My husband enjoys biking much more than hiking so eventually I relented and agreed to get a bike so we could occasionally go biking together.  He was much more excited than I was, checking out all the store flyers and bike displays, pointing out various features of each model.  My main concern was ensuring I’d still be able to touch the ground when I was on the bike.

Finally he picked one out and went to get it on his day off work.  I was in the back yard with the children when he came home and unloaded it from the car.  As he wheeled it through the yard all the children oohed and awed and excitedly asked ‘Cheryl, whose bike is that?’ ‘Mine’ I replied without much enthusiasm.  ‘Are you going to ride it?’  ‘Not right now.’  It had been more than 25 years since I last rode a bike.

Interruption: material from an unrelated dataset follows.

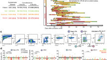 A CD154 assay and a cytokine-independent activation-induced marker assay (AIMs, OX40/CD25) were used to assess spike-specific (S1 and S2) circulating-TFH-cell responses after stimulation43,44. In brief, cryopreserved PBMCs were thawed and kept resting in complete RPMI 1640 medium in 5% CO2 at 37 °C overnight. Cells (1 × 106) were stimulated with SARS-CoV-2 spike protein (S1 + S2, 5 μg ml−1) or BSA (5 μg ml−1, Sigma-Aldrich) in 5% CO2 at 37 °C for 24 h. Concanavalin A (5 μg ml−1, Sigma-Aldrich) was used as a CD154 assay positive control, and staphylococcal enterotoxin B (1 μg ml−1, Toxin Technology) was used as the OX40/CD25 assay positive control. PBMCs from healthy controls were also stimulated in the same conditions. Furthermore, to test the spike-specific cytokine secretion of TFH cells, a conventional intracellular cytokine staining assay was used45,46. Intracellular secretion of IL-21 and IFNγ was measured after antigen stimulation of TFH cells. In brief, PBMCs were stimulated with SARS-CoV-2 spike protein (S1 + S2, 5 μg ml−1) or BSA (5 μg ml−1) in the presence of anti-CD28 (1 μg ml−1) and anti-CD49d (1 μg ml−1) (BioLegend) antibodies for 6 h, and brefeldin A (1:1,000, BioLegend) was added 1 h after stimulation. Anti-CD3 antibodies (1 μg ml−1, BioLegend) were included as a positive control. TFH cells were gated as live CD4+PD-1+CXCR5+ T cells. PE mouse anti-human CD154 (24-31), PE-Cy7 mouse anti-human OX40 (ACT35), APC-mouse anti-human IL-21 (3A3-N2), PE-Cy7 mouse anti-human IFNγ (4S.B3) (BioLegend) and PE-Cy5 mouse anti-human CD25 (M-A251) (BD Biosciences) were purchased.

They say you don’t forget how to ride but I had my doubts especially since I was never very good at it and I’ve tried very hard to forget.

Later that week I tried a few practice rides up and down our back lane – cue fits of laughter.  When I reached the end of the lane I got off the bike, picked it up and turned it around to head back.  My husband/coach yelled down the lane ‘You don’t need to get off to turn around, the lane is wide enough, just keep pedaling and turn the wheel.’  Seriously? I would need the lane to be four times that wide before I’d make it all the way around without falling. 😛

On the weekend we packed the bikes in to the van to drive to a nice, paved, car-free bike path.  I think I did a bit better. There were only a few times that considered jumping off and even then I just put my feet on the ground and skidded to a stop.  Yes, sometimes when I panic I forget the bike has brakes.

Periodically my husband/coach would point out something interesting in the area surrounding the trail.  I’d reply, ‘Can’t look, trying to stay upright’.  Sometimes he’d suggest something new for me to ‘try’ – like standing on the pedals etc.  ‘Nope, don’t want to die today’.

It’s frustrating, I imagine that is how children feel when asked to move on to the next new skill/task when they just want to continue at the level they are currently at for a little longer.  What’s the rush, they’ll move on when they decide they are ready.  Pushing too hard or too soon might make them quit completely.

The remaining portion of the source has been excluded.